Breach in Labour armour: Reeves' October budget did nothing to fix the foundations, says ALEX BRUMMER

It’s easy to see why the Chancellor was comfortable with her Chief Secretary to the Treasury, Darren Jones, taking the blame for the drop in confidence in government bonds and the pound in Parliament.

If Rachel Reeves has chosen to appear, before hot-footing it to Beijing, she might have feared giving in to the crisis narrative.

The reality is that her stewardship of the Treasury and Labour’s occupation of Downing Street has been strewn with fundamental errors. 

The wisdom of the Treasury has long been held in high esteem in Whitehall from where it rules the roost over other Government departments.

In recent times a great deal of experience, so critical in times of market upheaval, has walked out.

Liz Truss’s choice to let go of Tom Scholar, who played a key role in supporting the Labour government during the financial crisis of 2008-09, was a major error that left the Treasury vulnerable.

Budget flop: Rachel Reeves's insistence on referring endlessly to a £22bn black hole in the public finances was a bond market dampener almost from the first day

Rachel Reeves continually highlighting a £22 billion deficit in public finances during the budget discussions had a negative impact on the bond market right from the start.

In the distant past Labour governments have been helped by experienced fixers.

The names of Harold Lever and Joel Barnett come to mind. During an LBC radio interview the former Cabinet Secretary Gus O’Donnell, known as ‘GOD’ at Westminster, argued that Number 10 needs ‘more intellectual heft and economic expertise’ to tackle the upcoming spending review otherwise it will be ‘incredibly messy.’

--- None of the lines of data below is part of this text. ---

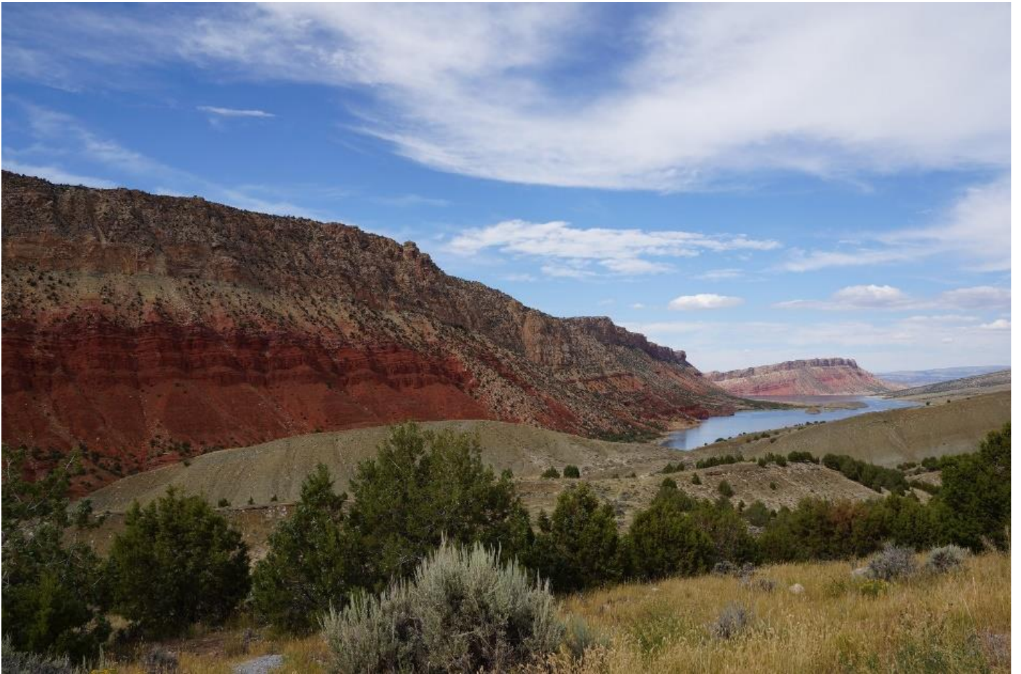
The cliffs become very red as we approach the water of the reservoir.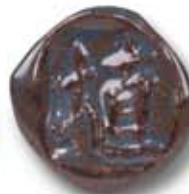
SH-21 [O] [T] Acai Gloss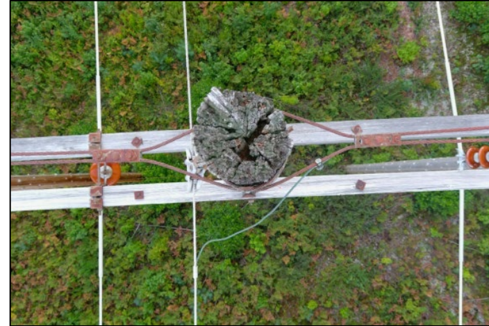
Structure 155 – Top rot, splits, rust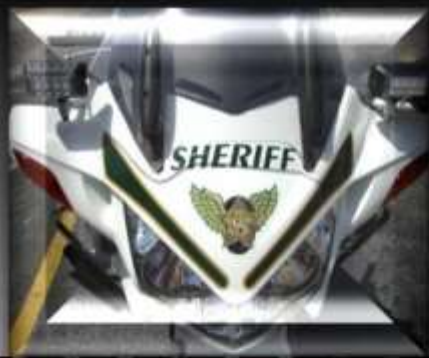
Escorted Ride By Brevard County Sheriff's.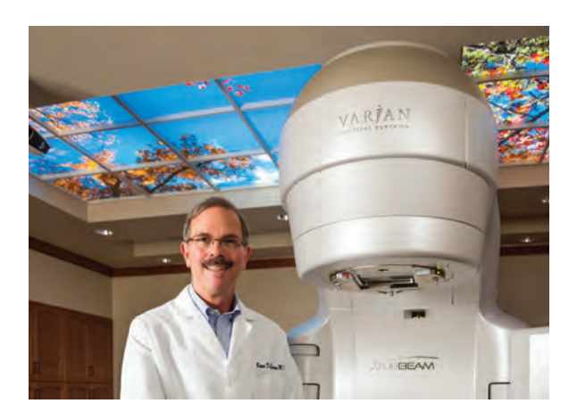
13,379 radiation oncology procedures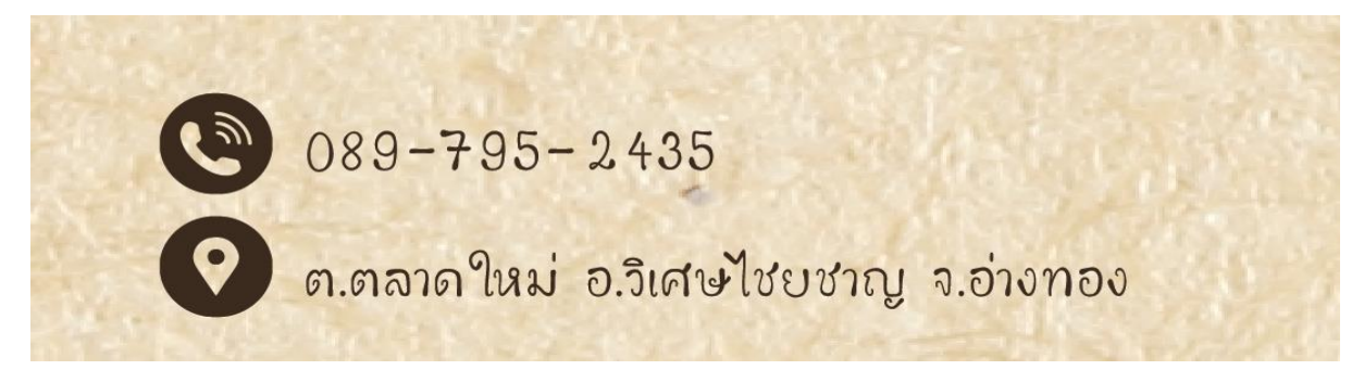
Figure 5 Contact Details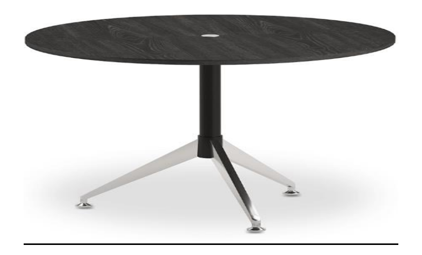
Table for One Person Qty-05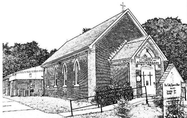
OUR LADY QUEEN OF PEACE CHURCH

Mission: To show the love of Christ through discipleship, fellowship, and worship.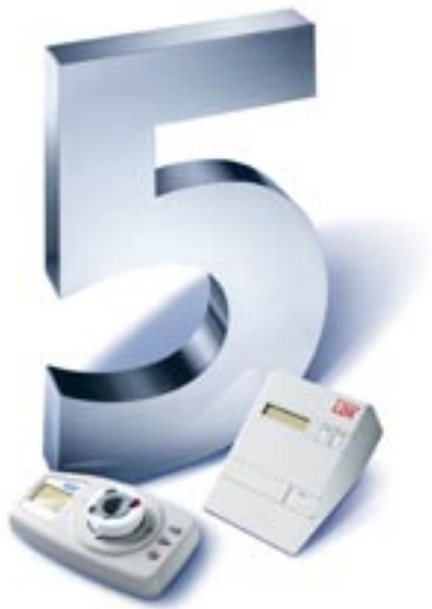
Results in 5 minutes.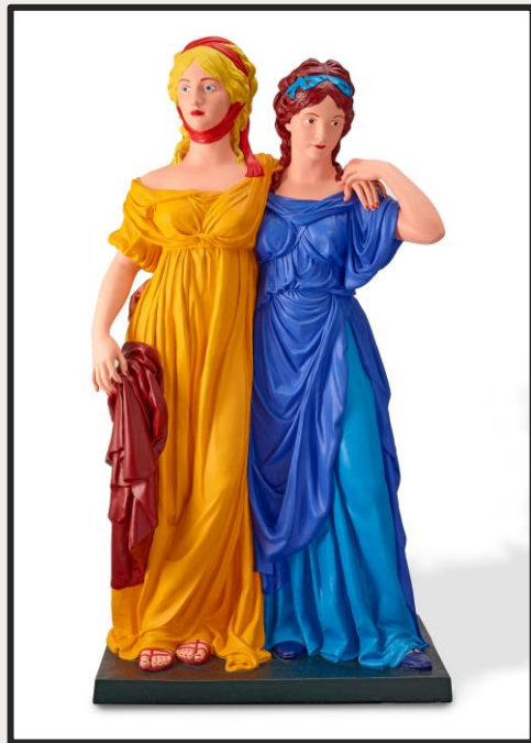
Hans-Peter Feldmann, Two Sisters, not dated (cast 2014/15)

Reeves began her incumbency with a strong following wind. Much of it dissipated very quickly. 

Her insistence on referring endlessly to a £22billion black hole in the public finances, still part of Jones’s spiel in the Commons, was a bond market dampener almost from the first day.

The muddle only became worse. The early passage in July of Labour’s Budget Responsibility Bill, intended as riposte to Trussonomics is a mistake. 

Except in the case of an emergency (such as Covid-19), it requires the Office for Budget Responsibility (OBR) to provide a full assessment of every ‘fiscally significant’ event.

It represents a big divestment of power and flexibility to an independent agency.

If the idea was to ensure Government policies would be trusted by the markets, because of the OBR imprimatur, it has failed. 

The underlying cause of the current imbroglio is that Reeves’ budget on July 30 did nothing to fix the foundations.

As the Institute for Fiscal Studies notes, it left a ‘razor-thin’ margin for meeting her own fiscal rules. 

The surge in bond rates, now at a 16-and-a-half year high, has raised the cost of servicing national debt and wiped out the headroom.

It is now likely that the OBR will forecast higher borrowing in March fuelled by extra interest costs of some £8billion, against the £10billion headroom.

In addition, there could be a sharp reduction in the growth forecast, the economy having ground to halt in the second half of last year.

The only thing propping it up is the splurge of spending on public services where money is being splashed without productivity goals. 

It is too early to predict what will happen on March 26, when there is meant to be a vanilla OBR update.

Public spending decisions were to be postponed until June to give more time to a ‘zero’ budgeting approach, where every department has to go back to basics and justify all spending.

Even if the markets were to correct cuts in public spending, a new austerity may be unavoidable unless Reeves finds a way of retreating from her pledge before the CBI business leaders of no more tax rises after the £40billion already removed from the pockets of business and consumers.

The big Labour drivers of growth, housing and infrastructure, a green energy revolution and business confidence will all be damaged by higher interest rates which dramatically change the economics of investment.

The Bank of England, having suffered the slings and arrows of keeping rates too low for too long and Russia’s war on Ukraine, may be reluctant to help.

If it were to lower short-term rates, it could assist in guiding down longer borrowing costs.

Governor Andrew Bailey, accompanying the Chancellor to China, could have been a reassuring presence on Threadneedle Street at this time. He is well-schooled in crisis management.